Держа пушистую вещицу на ладони, я стиснул ее пальцами и говорю, сколько с меня. Гинея. Стало быть, фунт и еще шиллинг. Я так вздохнул, как будто напоследок перед смертью. По временам мне кажется, что фунтов на мою долю хватает, даже стопочкой сложены в столе: выдвинуть и любоваться. Но фунт — это фунт, даже и в стопочке. Хотя опять-таки, посмотришь ночью на это сонное сопящее личико, и вот слеза, в глазах все зыбится, а попросить игрушку, так ли это много. Причем не тот я человек, чтоб тратиться на фасонистые финтифлюшки. А этот медвежонок — он из губки, его можно мыть, и он будет служить годами. Что ж, мадам, получите с меня этот фунт.

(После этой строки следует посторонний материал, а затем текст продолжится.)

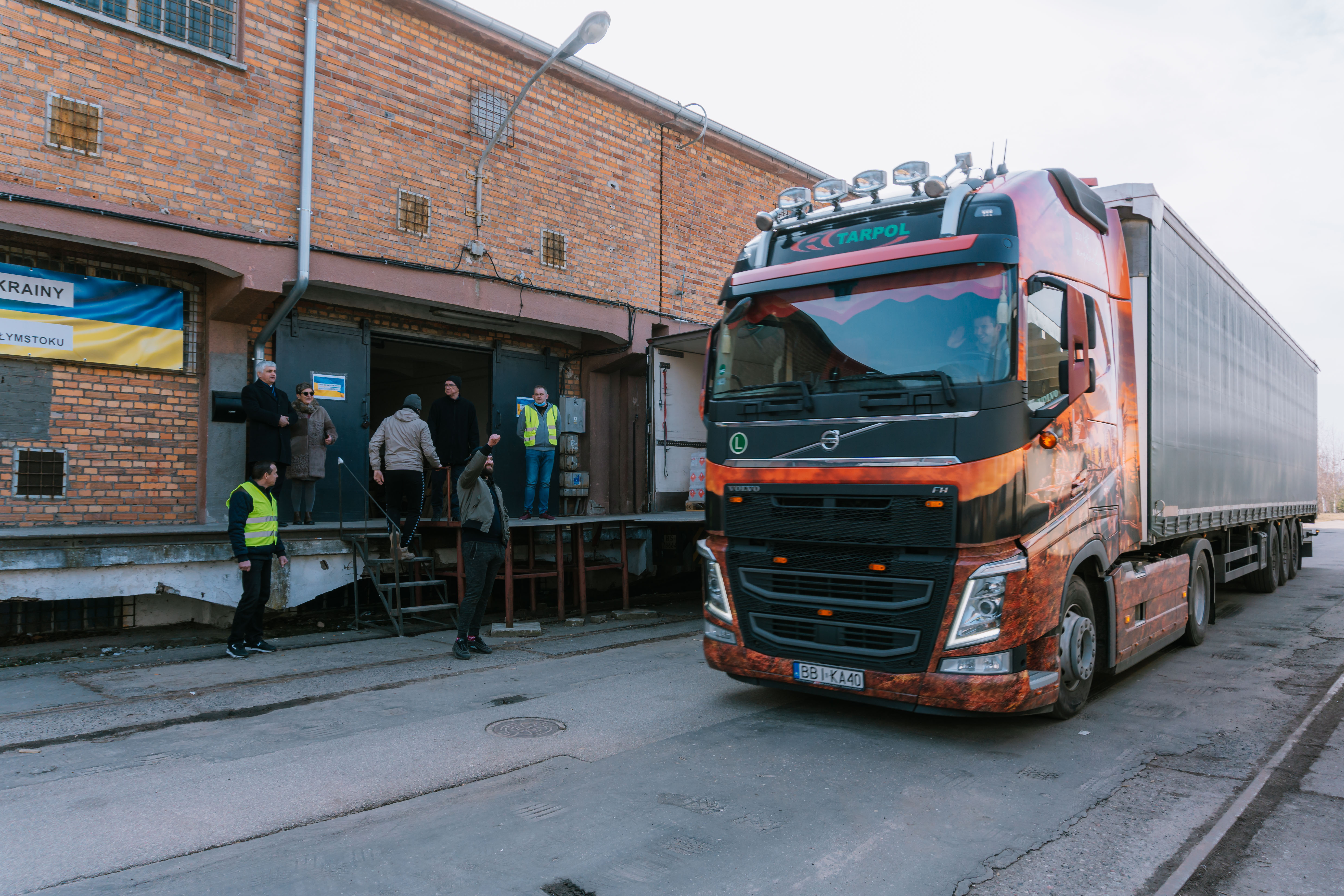 W środę (16.03) z magazynu wojewódzkiego wyruszył pierwszy transport darów na Ukrainę. W tirze, który zapewniło Stowarzyszenie Przewoźników Podlasia, znalazły się 32 palety najpotrzebniejszych artykułów, które za pośrednictwem Rządowej Agencji Rezerw Strategicznych trafią do mieszkańców kraju ogarniętego wojną.

С медведем, угнездившимся на сгибе локтя, я влез в автобус по имени двадцать второй. Сидел на верхнем этаже спереди, глядя вниз на залитые солнцем толпы. Лица у всех довольные. Чепчики и кудряшки так и мельтешат, снуют под ногами. А этот мишка — он даже прыгать может, и вообще он вечный. Сквозь скверик с фонтанчиком, накрапывающим посредине, и мимо места, где у них пара большущих пушек, которые так и кажется — вдруг как бабахнут. Дома подсвечены, чтоб подороже сдать, и кафетерии с налетом роскоши. Там болтовня, сигарный дым и хохот. Я всех люблю.

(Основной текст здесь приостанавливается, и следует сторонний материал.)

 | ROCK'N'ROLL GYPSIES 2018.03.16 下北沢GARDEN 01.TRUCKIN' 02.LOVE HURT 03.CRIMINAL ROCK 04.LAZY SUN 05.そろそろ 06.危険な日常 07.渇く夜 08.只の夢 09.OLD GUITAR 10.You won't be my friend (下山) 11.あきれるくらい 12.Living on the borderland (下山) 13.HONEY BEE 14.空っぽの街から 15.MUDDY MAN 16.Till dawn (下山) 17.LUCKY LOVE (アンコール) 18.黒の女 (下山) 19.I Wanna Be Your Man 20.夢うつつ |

И вот приехал, этот уголочек у реки — мой дом, тут я соскакиваю и пробираюсь между грузовиками к своему судну, подрагивающему на волне. Мой гордый флаг реет на корме. Снизу слышится гулюканье матери над ребенком. Бывает, мне приходит в голову, что для отца я молод слишком, но уж назад не повернешь. Может быть, нынче к обеду отбивная, да с чесночком, а позже можно опять будет выйти и смотреть на реку, как мост вспыхивает огоньками — пузырьки света скачут по стали. Столько удовольствий еще ждут меня впереди.

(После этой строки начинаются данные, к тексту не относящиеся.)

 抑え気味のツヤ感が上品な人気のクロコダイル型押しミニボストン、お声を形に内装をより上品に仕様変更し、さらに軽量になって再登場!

По трапу вниз, кричу привет, я дома, ты погляди, что я принес, что будем делать, может быть, сразу ей дадим. Или отложим как сюрприз на утро. Он сколько стоит. Не скажу. Сколько. Гинею. О нет. О да. О господи. Он моется. Он что, из золота. Из губки.
В пенной лохани мы ее крутили и так и сяк, а после купанья уложили в кружевную колыбельку сказать спокойной ночи, мохнатый мишка. Она его и обнимала, и улыбалась, и целовала, и ножкой дергала. Я спел песенку про луну и говорю спите-спите, девочка и мишка. Пчелки жужжат, волки воют. А медвежонки денег стоят.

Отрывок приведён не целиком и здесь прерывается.